Segment Start: Entries provided
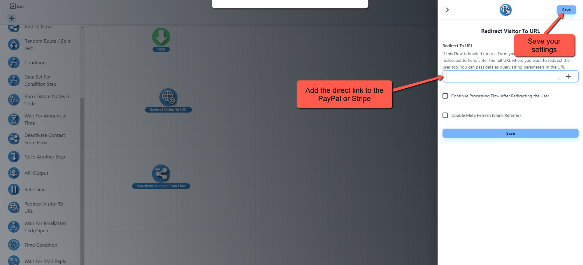 Select the Redirect Visitor to URL
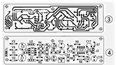 图3为印刷电路板图,图4为元件布置图。具体安装时,可将此电路板安装在功放箱中靠近背面的附近。通孔,并经过J2(双信号插座)接音源。
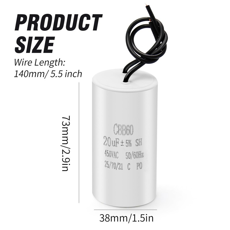 - Specification: Material: Polypropylene Film; Rated Capacitance: 20uF; Tolerance: 5 %; Rated Frequency: 50/60 Hz; Ambient Temperature: 40/70/21;Body Size: 4x 7.5cm / 1.58"x 2.91" (D * H); Cable Length: 15mm / 0.59"
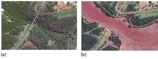 High resolution orthophoto images obtained through aerial photogrammetric survey performed before and after the collapse of Dam I were used for the delimitation of the area impacted by the dam burst. The photogrammetric mapping project carried out by Fototerra company adopted the use of large format digital camera Z1 DMC, 120 mm of focal length, 106.16 mpixel, 12 bits of radiometric resolution and red, green, blue and near infrared spectral bands.
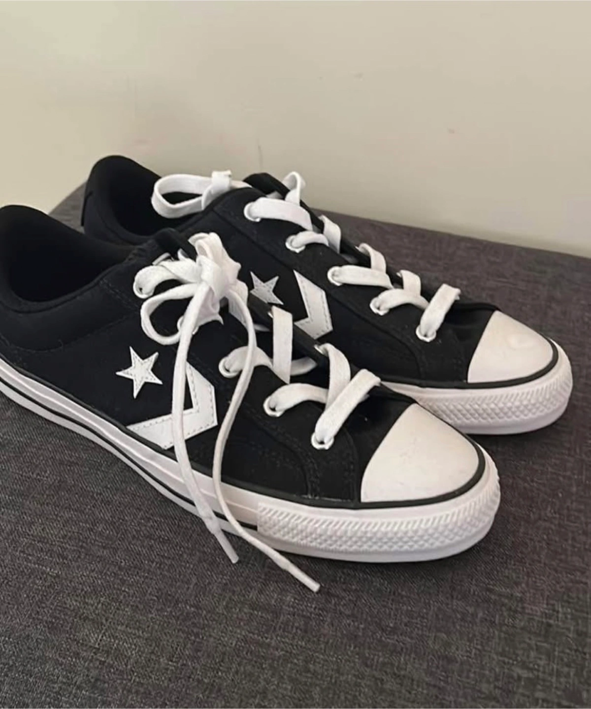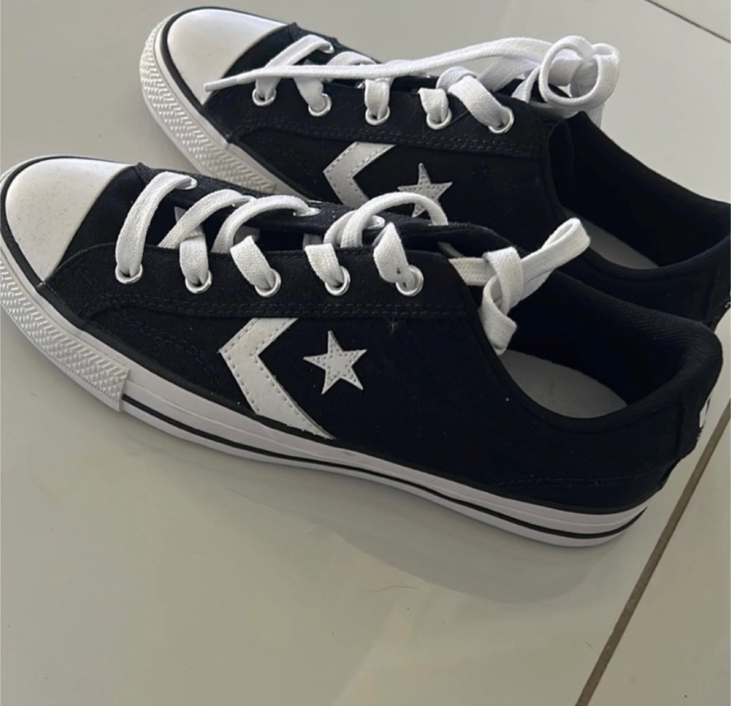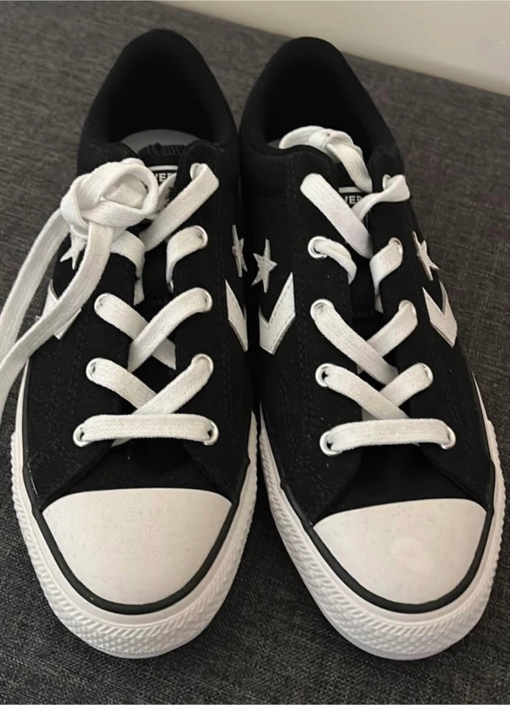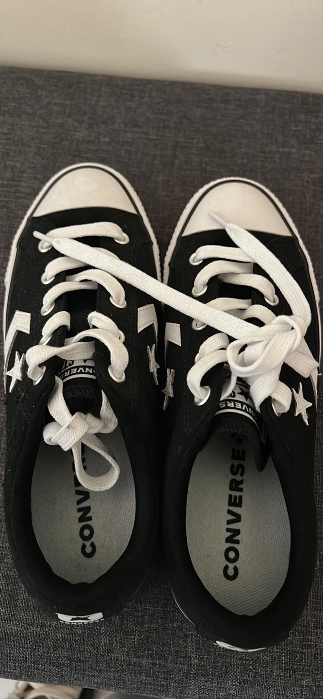 BRAND NEW, WOMENS, never worn. Does not come with box. Shoes in black and white. White laces. Feature white star logo. These shoes can really brighten your day.
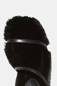 A square-toe sandal on a 50mm tapered heel, the Hugo gives a subtle lift to create a long silhouette. Calfskin straps create geometric lines across the foot and affix in a clasp, and the tapered heel supports a cozy shearling lining. SIZE & FIT - Fits true to size, take your normal size - Fits regular, narrow, and wide feet MATERIALS & DETAILS - Heel Measurement: 2" / 50mm - Black calfskin leather & black shearling fur - Buckle ankle strap - Made in Italy - Leather Working Group certified for responsible leather production
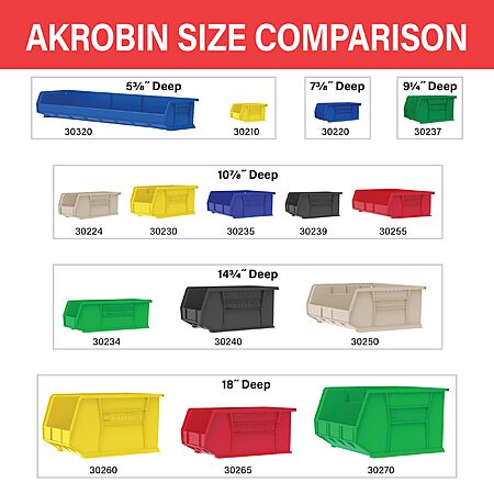 Amazon[amazon.com] has 12-Pack Akro-Mils 30224 AkroBins Plastic Storage Bins, Space-Saving Stackable Bins for Garage, Pantry, Craft Organization (11" L x 4" W x 4" H, Red) on sale for $38.73. Shipping is free.
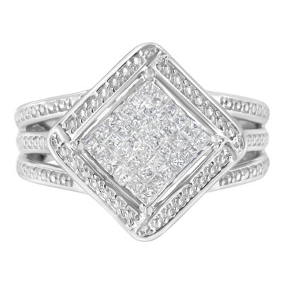 Haus of Brilliance Silver 2/5 Cttw Princess Cut Diamond Cluster Composite Cocktail Ring
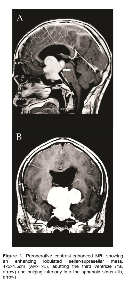 Figure 1. Preoperative contrast-enhanced MRI showing an enhancing lobulated sellar-suprasellar mass, 4x5x4.5cm (APxTxL), abutting the third ventricle (1a, arrow) and bulging inferiorly into the sphenoid sinus (1b, arrow)
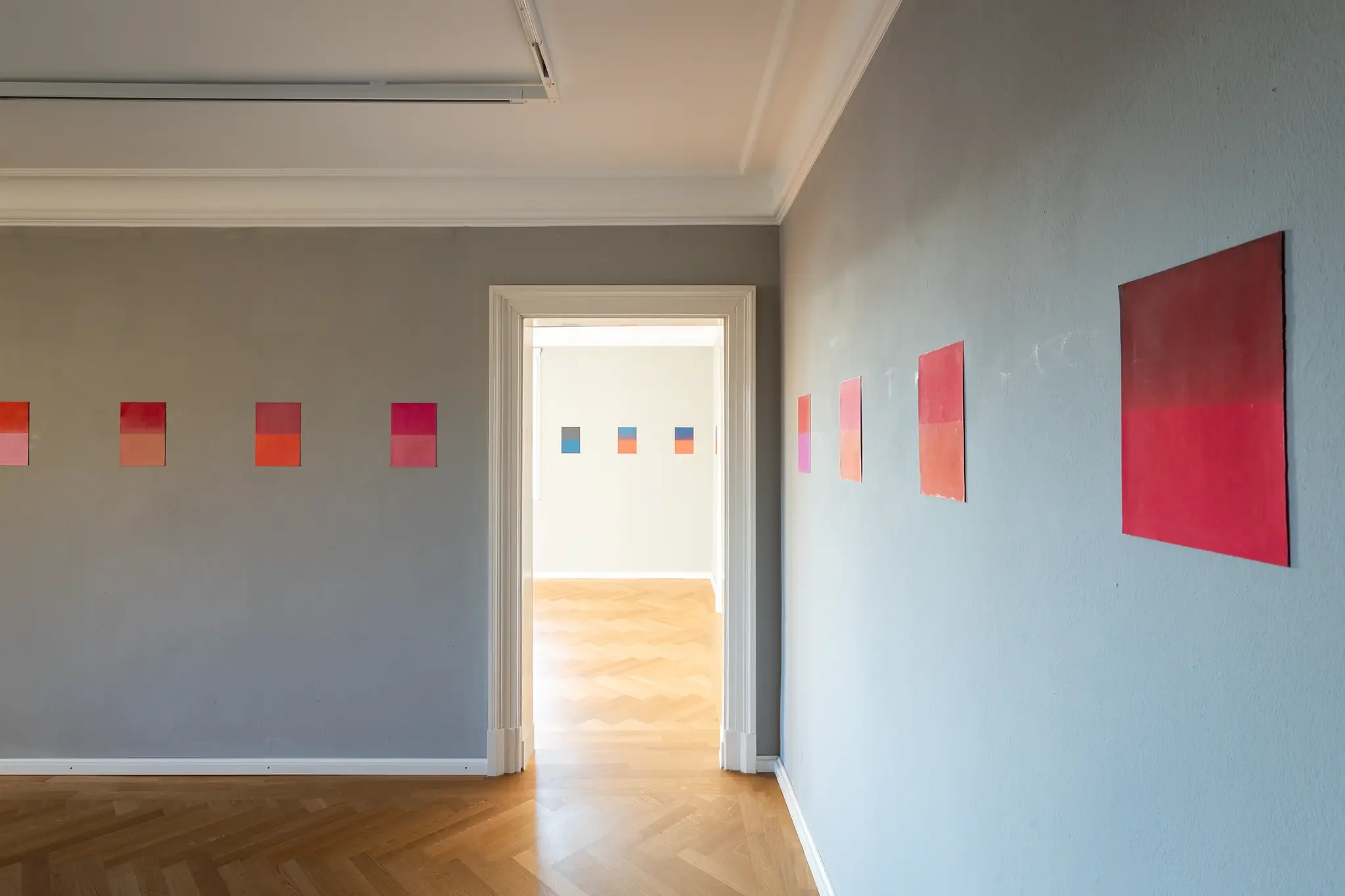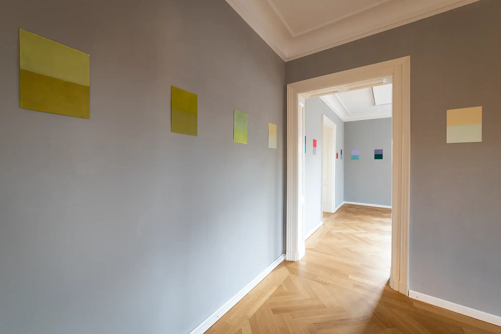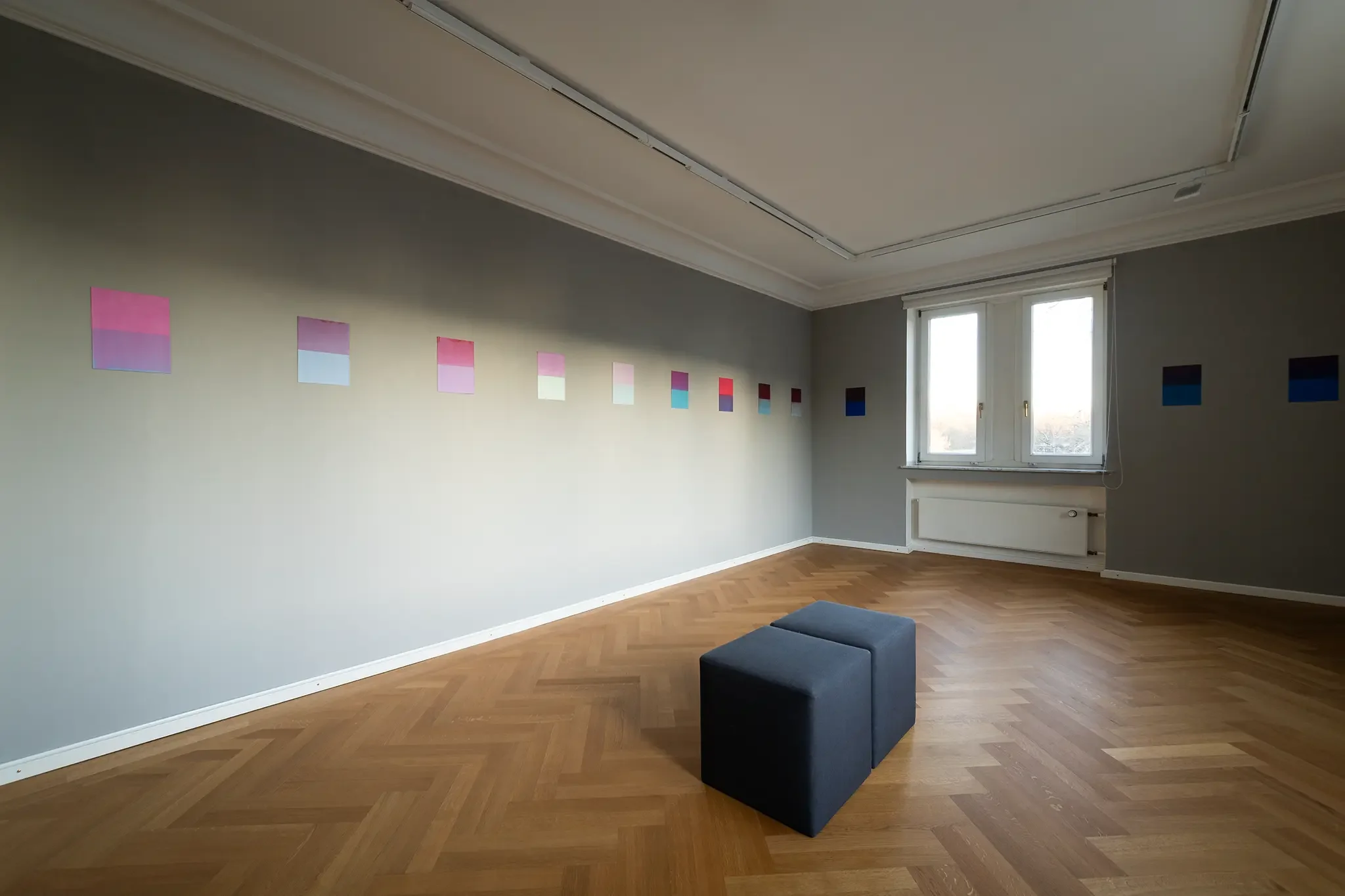 Es muss ungemein viel Arbeit gewesen sein, 221 Bilder so exakt zu hängen. Gleiche Höhe, gleicher Abstand, einem farblichen Konzept folgend. Dabei wirken die einzelnen Bilder, allesamt Unikate, schon für sich. Jedes Blatt ist handgemacht. Zuerst wurde eine Farbe aufgetragen, dann musste es trocknen und im nächsten Schritt wurde die zweite Farbe aufgetragen. Alles streng getrennt in der exakten Mitte der DIN A4-Bätter.
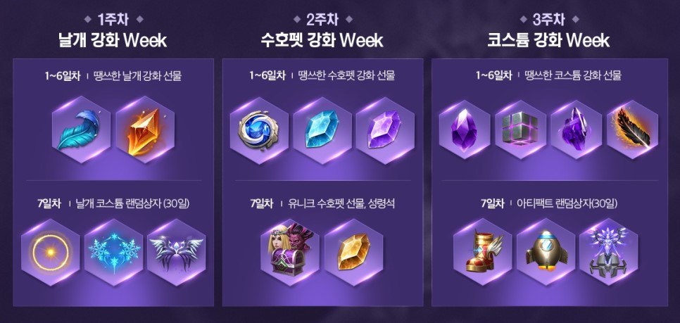 뿐만 아니라, 전체 유저에게 1주년 코스튬 박스와 1주년 출석체크 보상이 있으니 이런 것들도 꼭 체크해서 받아가세요.
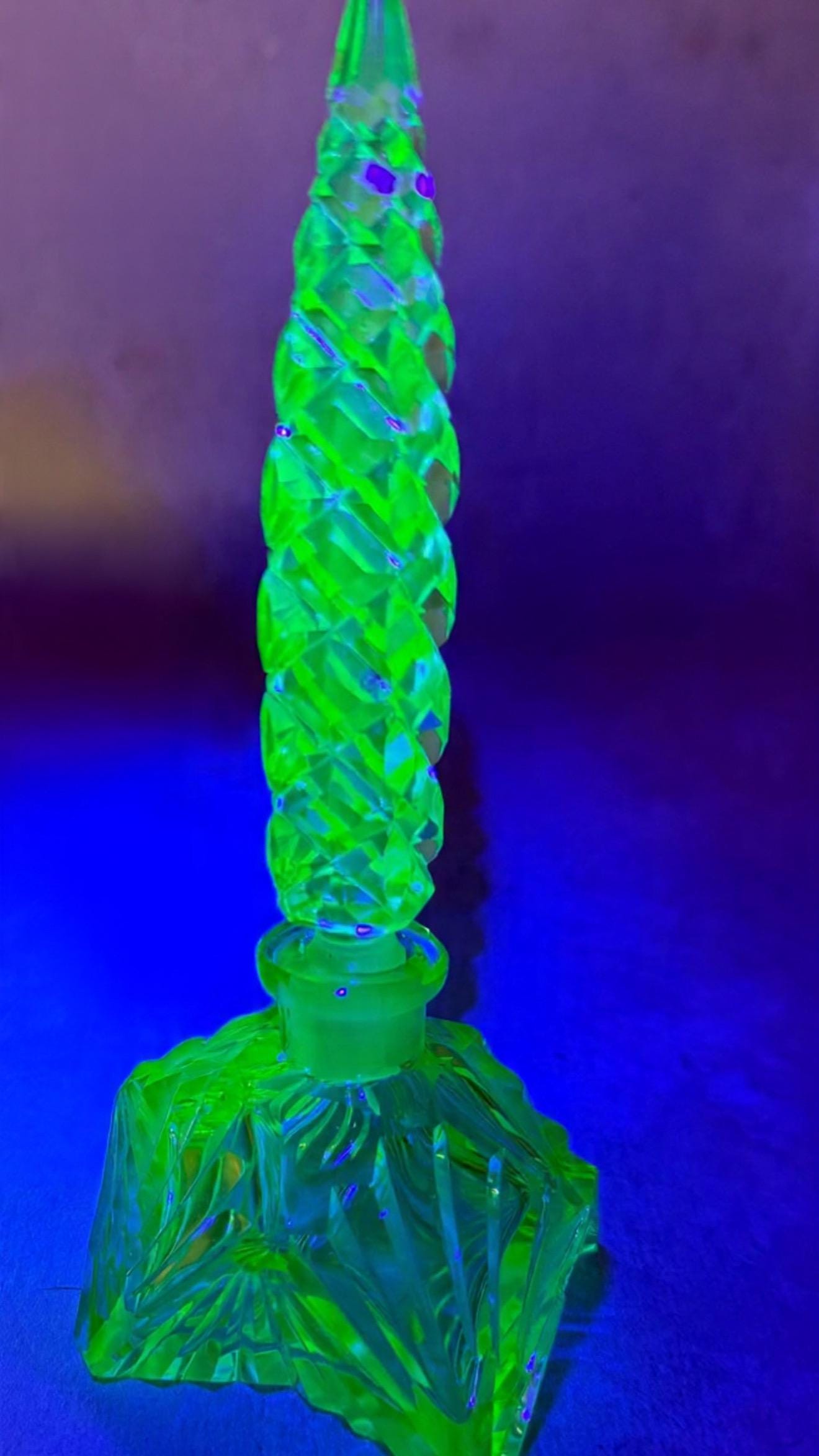 When placed under UV light, the piece emits a brilliant neon green glow — a hallmark of true uranium glass. Perfect for display on a vanity, dresser, or within a glass collection cabinet.
Segment End: Entries provided
◆ **Work order**
The answer must reproduce every line of the records above exactly, with all pictures left out.

◆ **Exercise result**
 Select the Redirect Visitor to URL
 图3为印刷电路板图,图4为元件布置图。具体安装时,可将此电路板安装在功放箱中靠近背面的附近。通孔,并经过J2(双信号插座)接音源。
 - Specification: Material: Polypropylene Film; Rated Capacitance: 20uF; Tolerance: 5 %; Rated Frequency: 50/60 Hz; Ambient Temperature: 40/70/21;Body Size: 4x 7.5cm / 1.58"x 2.91" (D * H); Cable Length: 15mm / 0.59"
 High resolution orthophoto images obtained through aerial photogrammetric survey performed before and after the collapse of Dam I were used for the delimitation of the area impacted by the dam burst. The photogrammetric mapping project carried out by Fototerra company adopted the use of large format digital camera Z1 DMC, 120 mm of focal length, 106.16 mpixel, 12 bits of radiometric resolution and red, green, blue and near infrared spectral bands.
 BRAND NEW, WOMENS, never worn. Does not come with box. Shoes in black and white. White laces. Feature white star logo. These shoes can really brighten your day.
 A square-toe sandal on a 50mm tapered heel, the Hugo gives a subtle lift to create a long silhouette. Calfskin straps create geometric lines across the foot and affix in a clasp, and the tapered heel supports a cozy shearling lining. SIZE & FIT - Fits true to size, take your normal size - Fits regular, narrow, and wide feet MATERIALS & DETAILS - Heel Measurement: 2" / 50mm - Black calfskin leather & black shearling fur - Buckle ankle strap - Made in Italy - Leather Working Group certified for responsible leather production
 Amazon[amazon.com] has 12-Pack Akro-Mils 30224 AkroBins Plastic Storage Bins, Space-Saving Stackable Bins for Garage, Pantry, Craft Organization (11" L x 4" W x 4" H, Red) on sale for $38.73. Shipping is free.
 Haus of Brilliance Silver 2/5 Cttw Princess Cut Diamond Cluster Composite Cocktail Ring
 Figure 1. Preoperative contrast-enhanced MRI showing an enhancing lobulated sellar-suprasellar mass, 4x5x4.5cm (APxTxL), abutting the third ventricle (1a, arrow) and bulging inferiorly into the sphenoid sinus (1b, arrow)
 Es muss ungemein viel Arbeit gewesen sein, 221 Bilder so exakt zu hängen. Gleiche Höhe, gleicher Abstand, einem farblichen Konzept folgend. Dabei wirken die einzelnen Bilder, allesamt Unikate, schon für sich. Jedes Blatt ist handgemacht. Zuerst wurde eine Farbe aufgetragen, dann musste es trocknen und im nächsten Schritt wurde die zweite Farbe aufgetragen. Alles streng getrennt in der exakten Mitte der DIN A4-Bätter.
 뿐만 아니라, 전체 유저에게 1주년 코스튬 박스와 1주년 출석체크 보상이 있으니 이런 것들도 꼭 체크해서 받아가세요.
 When placed under UV light, the piece emits a brilliant neon green glow — a hallmark of true uranium glass. Perfect for display on a vanity, dresser, or within a glass collection cabinet.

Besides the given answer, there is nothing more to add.